Extracted data entries:
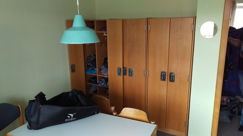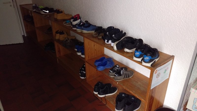 An Tagen wo wir das Schullandheim verlassen, dürfen natürlich alle ihr Handy mitnehmen. Nachts wird das Regal selbstverständlich eingeschlossen damit die Handys vor „Langfingern“ geschützt sind.
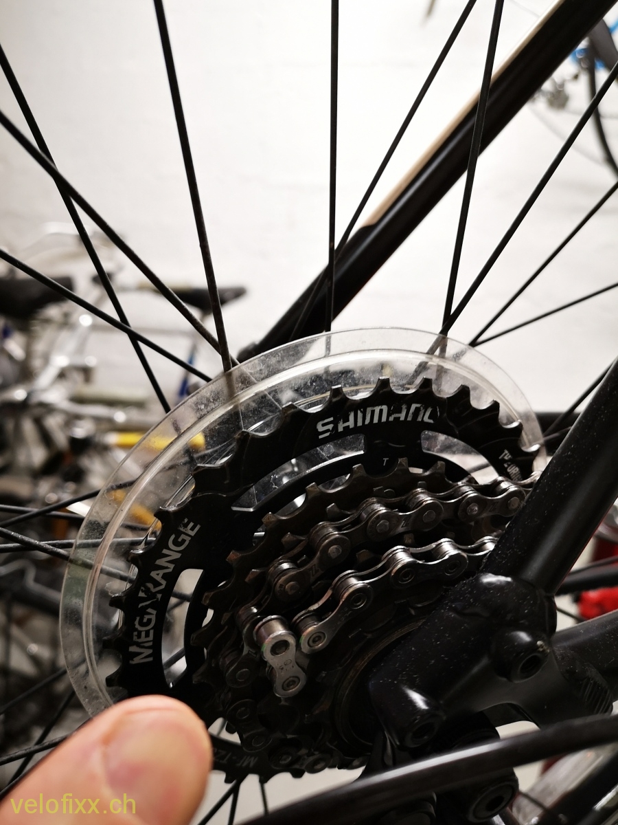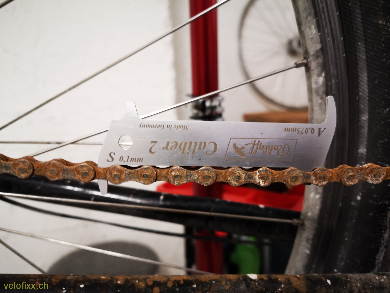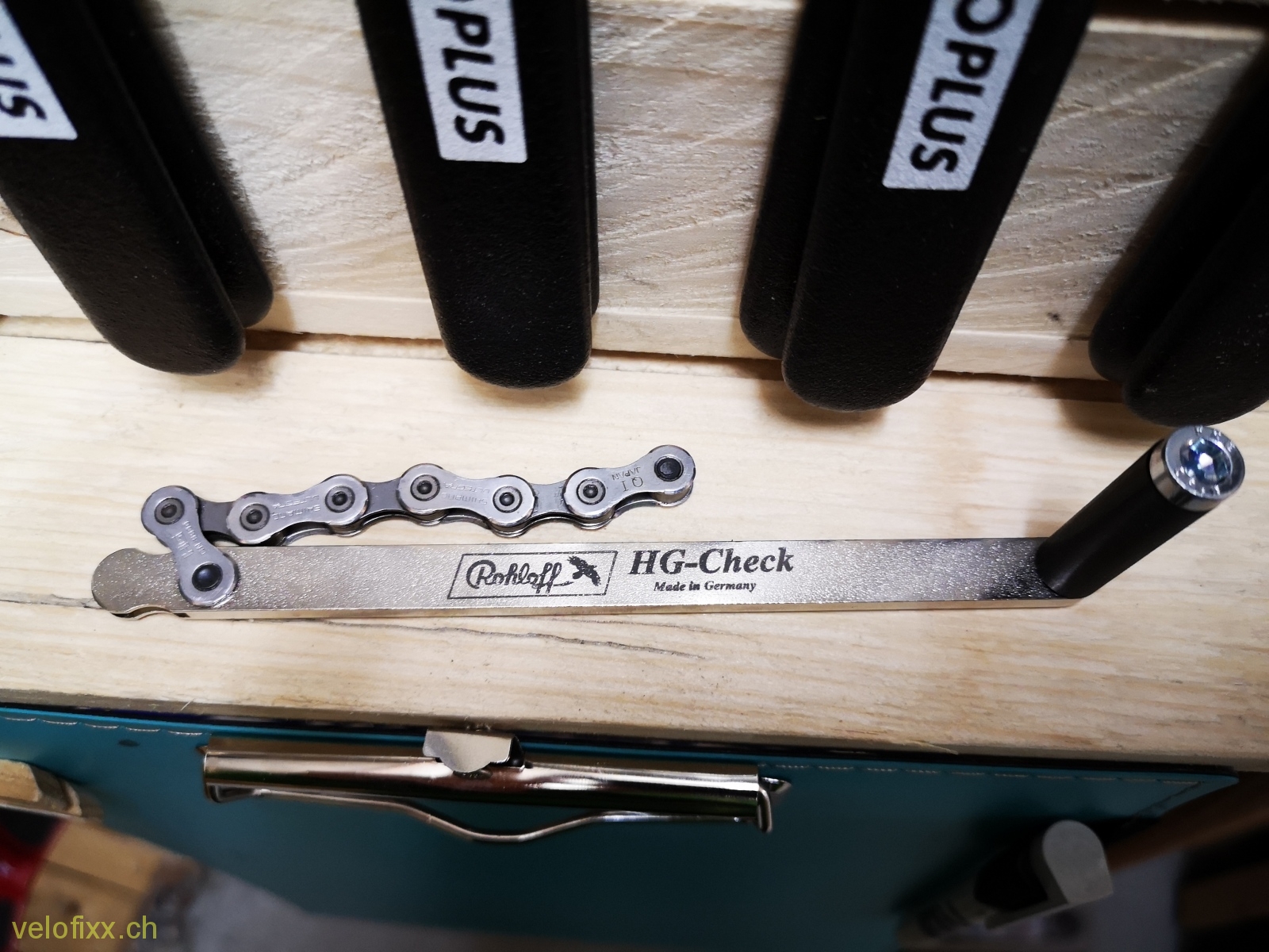 Mit der Kettenmesslehre wird der Verschleiß der Kette überprüft . Und mit der Ritzelverschleißlehre überprüft man den Verschleiß der Kassette. Ebenfalls überprüft werden alle Kettenblätter, Kurbelgarnitur und Funktion des Schaltwerks.
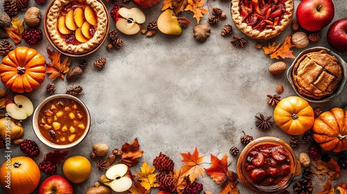 Autumn harvest display with pies, apples, pumpkins, and colorful leaves.
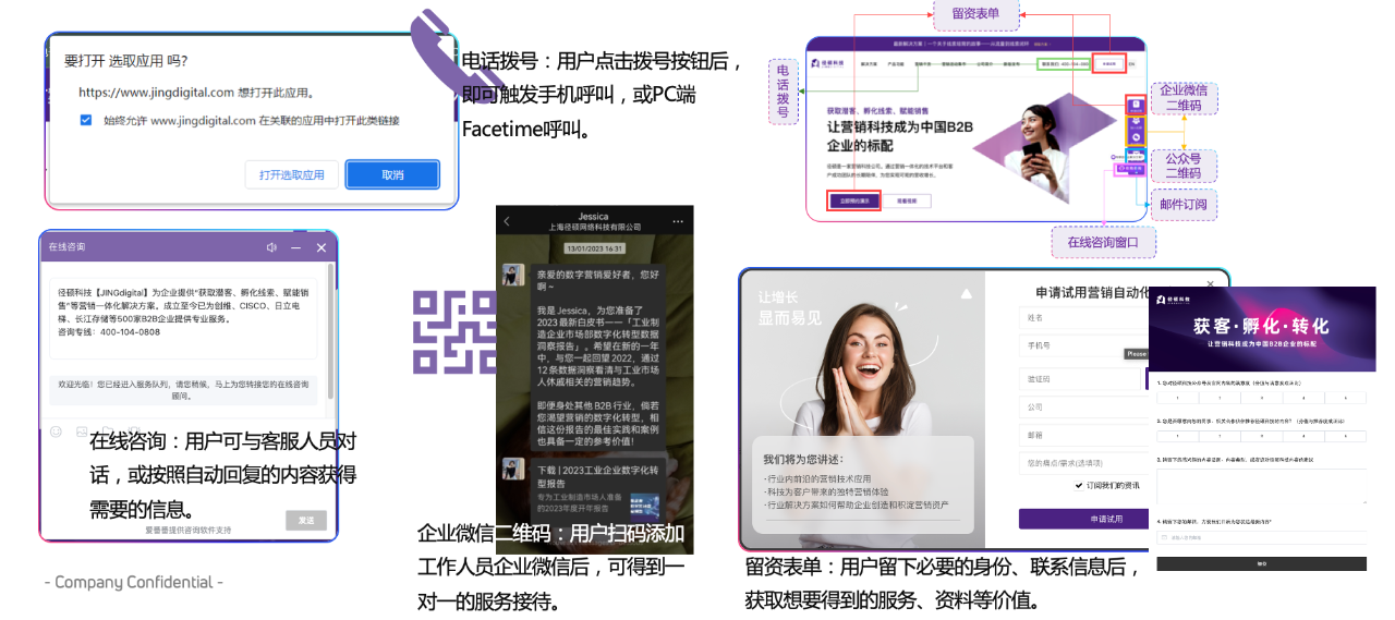 企业整个投放和培育策略,其最终目的是将流量吸引转化为可联系的实际人。因此,在官网、投放页多样化布局CTA,可以达到降低用户留资门槛,提高流量实体化概率的作用。
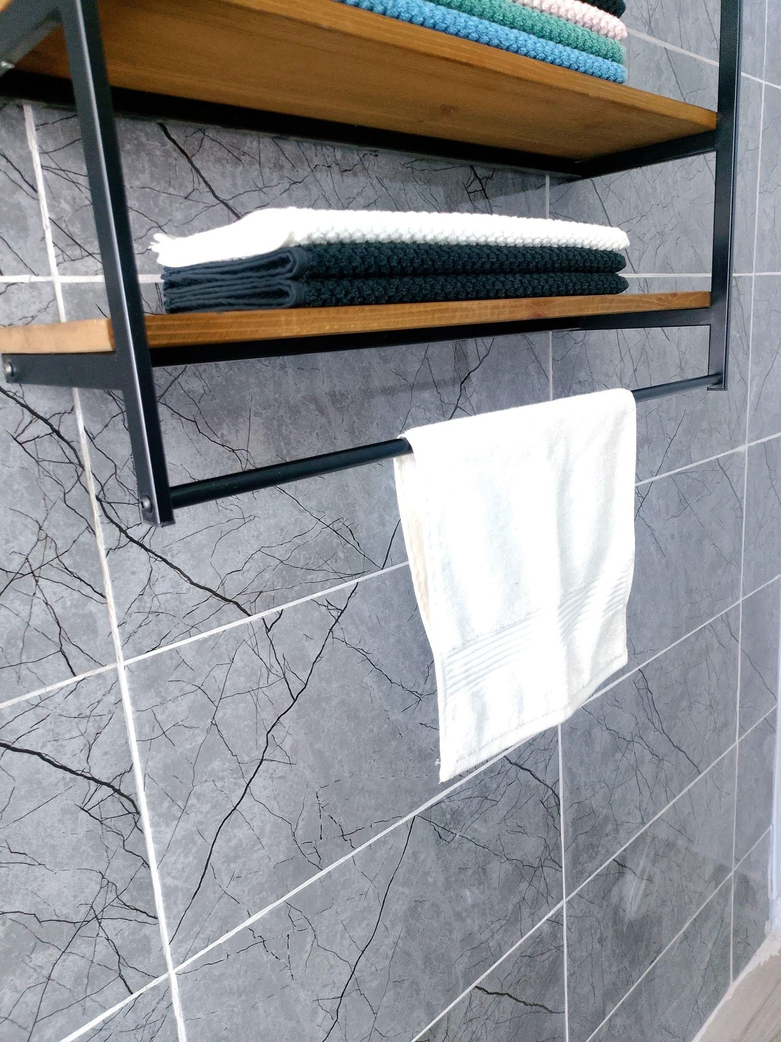 Add both style and function to your bathroom with our handcrafted wall-mounted towel rack with shelves. Designed with a sleek metal frame and natural wooden shelves, this piece effortlessly blends rustic charm with modern industrial aesthetics. Whether you're upgrading your bathroom decor or simply need a smarter storage solution, this towel rack is the perfect choice for any home.

**ABOUT THIS EXERCISE**
Only the text of the records above is to be reproduced, exactly as given; the pictures are dropped.

**PROBLEM SOLUTION**
 An Tagen wo wir das Schullandheim verlassen, dürfen natürlich alle ihr Handy mitnehmen. Nachts wird das Regal selbstverständlich eingeschlossen damit die Handys vor „Langfingern“ geschützt sind.
 Mit der Kettenmesslehre wird der Verschleiß der Kette überprüft . Und mit der Ritzelverschleißlehre überprüft man den Verschleiß der Kassette. Ebenfalls überprüft werden alle Kettenblätter, Kurbelgarnitur und Funktion des Schaltwerks.
 Autumn harvest display with pies, apples, pumpkins, and colorful leaves.
 企业整个投放和培育策略,其最终目的是将流量吸引转化为可联系的实际人。因此,在官网、投放页多样化布局CTA,可以达到降低用户留资门槛,提高流量实体化概率的作用。
 Add both style and function to your bathroom with our handcrafted wall-mounted towel rack with shelves. Designed with a sleek metal frame and natural wooden shelves, this piece effortlessly blends rustic charm with modern industrial aesthetics. Whether you're upgrading your bathroom decor or simply need a smarter storage solution, this towel rack is the perfect choice for any home.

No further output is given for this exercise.